Виттория наклонила голову и вопрошающе нахмурилась. Эта информация до нее не доходила. Рената поняла, что одержала верх, и продолжала, торжествующе глядя ей в глаза:
— Вот духовная вершина, на которую Элеонора ориентируется, чтобы приблизиться к Богу. Она советуется с Катериной по каждому вопросу, дала себя убедить, что в Неаполе надо создать трибунал инквизиции наподобие испанского, и теперь пристает с этой идеей к отцу, вице-королю Неаполя. Две недели назад народ собрался у монастыря Сан Доменико Маджоре, чтобы не дать схватить двух монахов, которых эти ханжи обвинили в проповеди ереси Вальдеса. В ереси, понимаешь? Для них учение Вальдеса — это ересь, вот как обстоят дела. Два человека, пекарь и сапожник, погибли, и будут еще жертвы, если мы не сделаем ничего, чтобы защитить несчастный город от религиозного фанатизма Толедо и его достойной дочери. Тебе достаточно, Виттория? Ты все еще думаешь, что я жертва женского соперничества?

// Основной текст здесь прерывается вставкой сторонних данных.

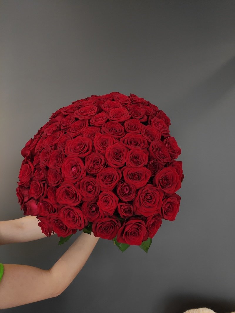 Моно-букет — це чистота стилю, коли весь акцент зосереджений на кольорі та формі квітів. Особливо вражають букети з 21 квітки, у яких розкривається глибина кольору та величність троянд.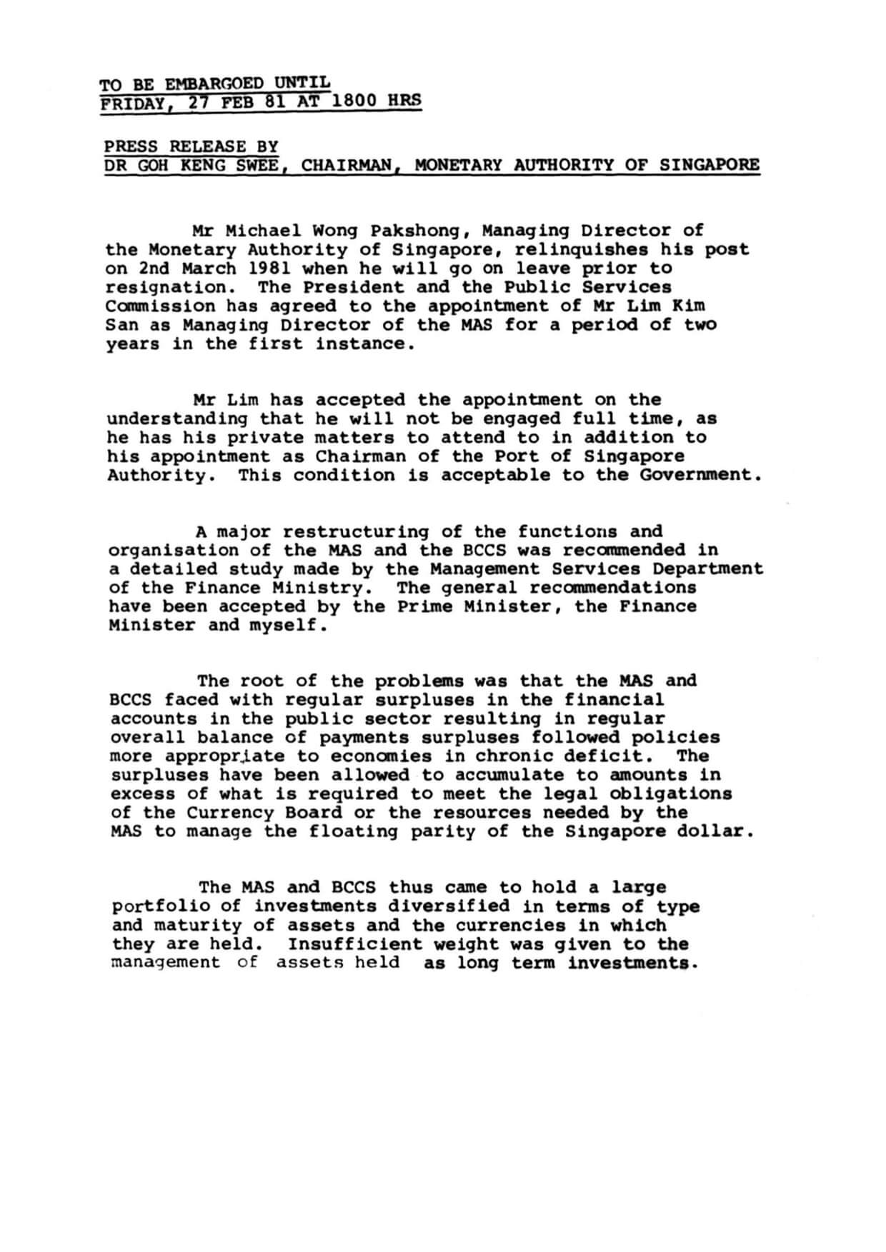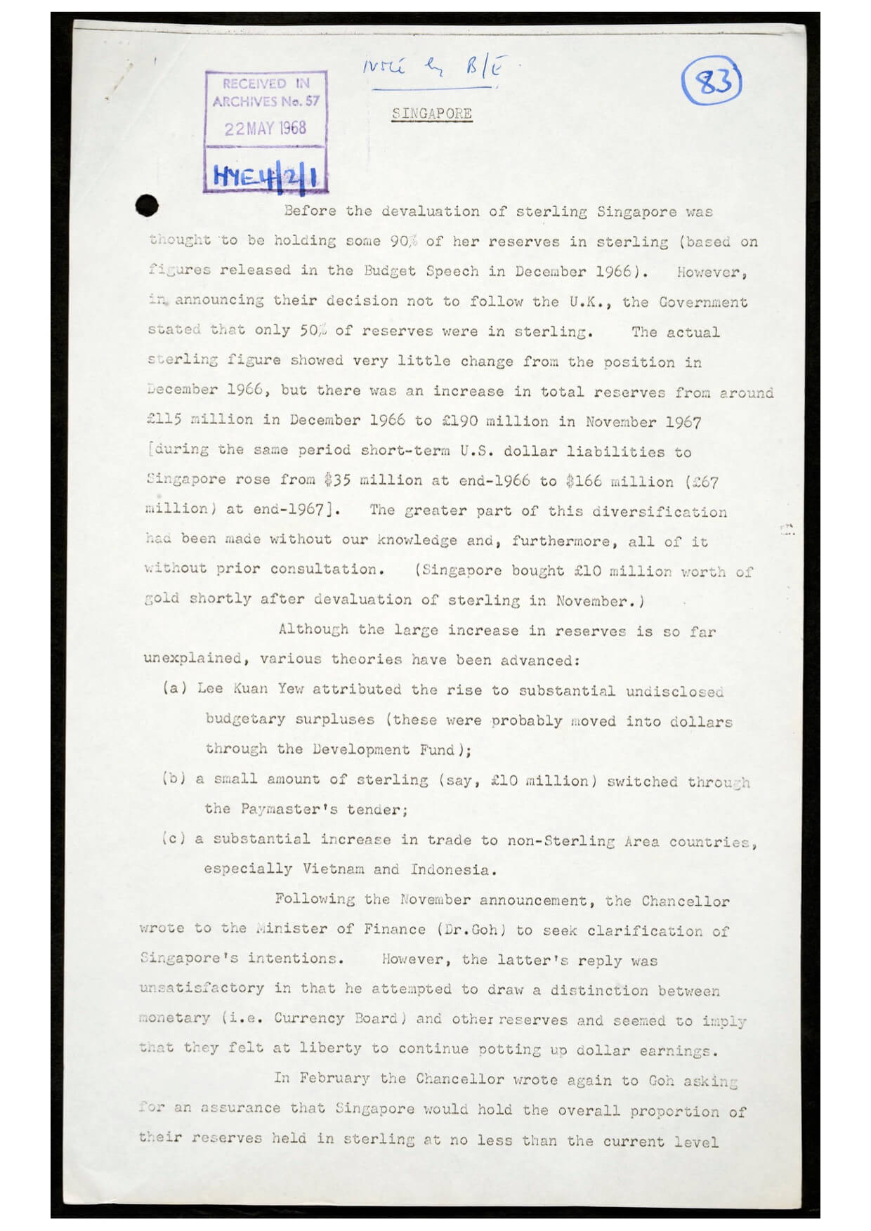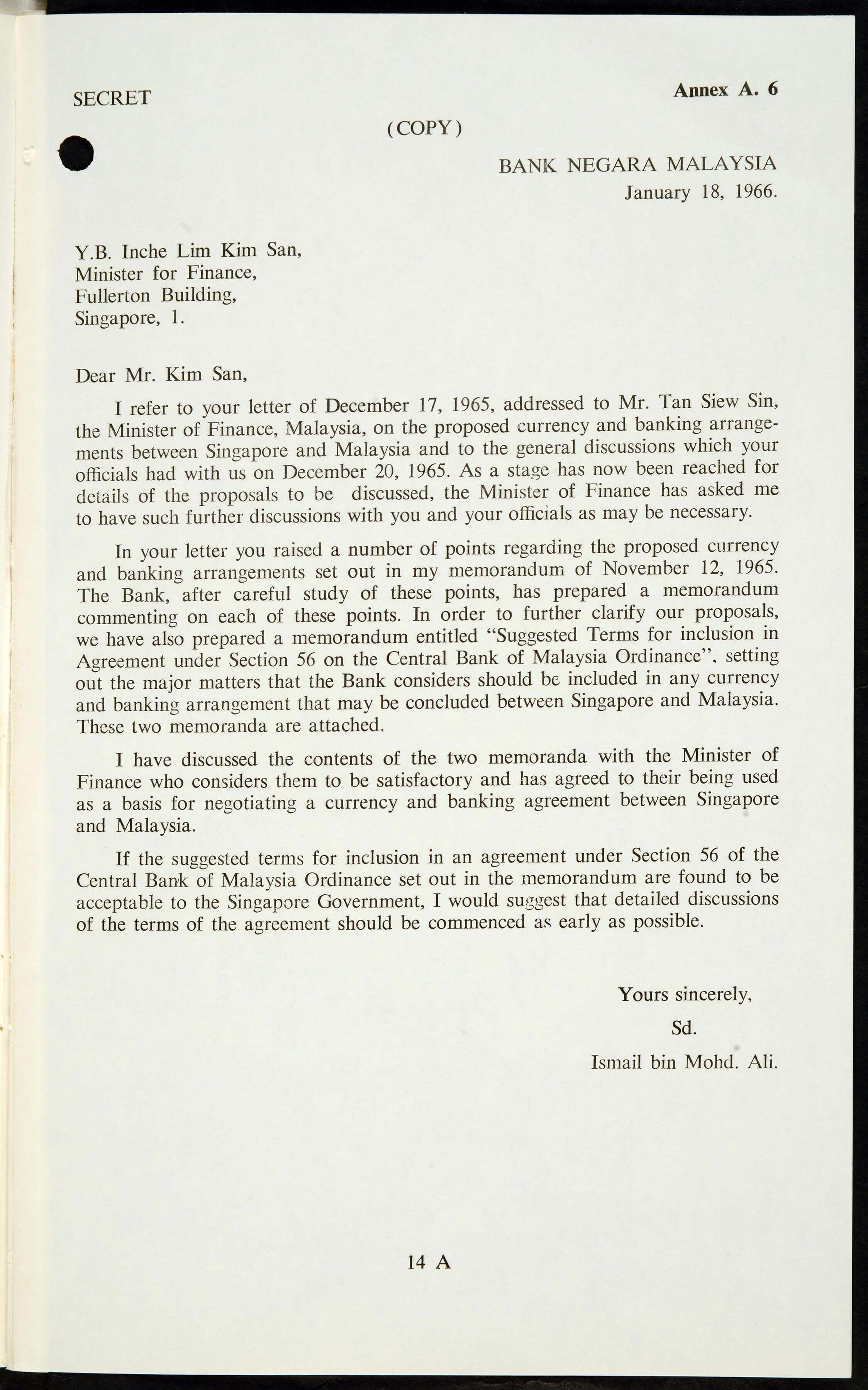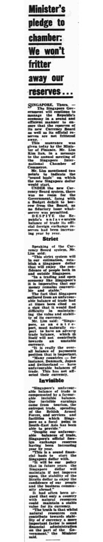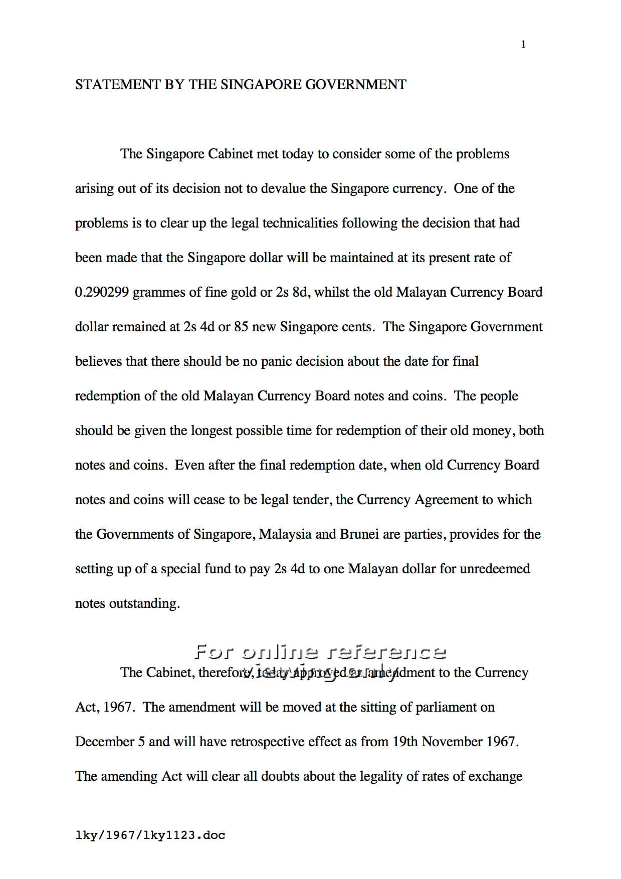 Statement by Mr Lim Kim San the Minister of Finance entitled "Common Currency and Banking System", Singapore Parliament Reports, Vol 25, Issue No 5, Sitting date: 26 August 1966 at Col 267

У Виттории не хватило мужества возражать. Подруга гораздо лучше ее разбиралась в политической ситуации во Флоренции и Неаполе. Рената была настоящей правительницей и понимала, что информация — ключ к любой власти.
Виттория повернулась к Маргарите, которая не вмешивалась в дискуссию, взяла ту за руку и, дружески улыбаясь, сказала:
— Пойдем, я покажу тебе кухню и весь дворец, в последний раз нам не хватило времени.
— Нет! — Элеонора почти вскочила с дивана. — Слушай, Виттория, я привезла с собой пескарской маисовой муки и хочу приготовить вам струффоли.
Все, включая Витторию, шумно, по-детски обрадовались. Виттория подбежала и обняла подругу.
— Элеонора, ты все еще не бросила готовить? И не боишься испортить здоровье? Струффоли — это чудо!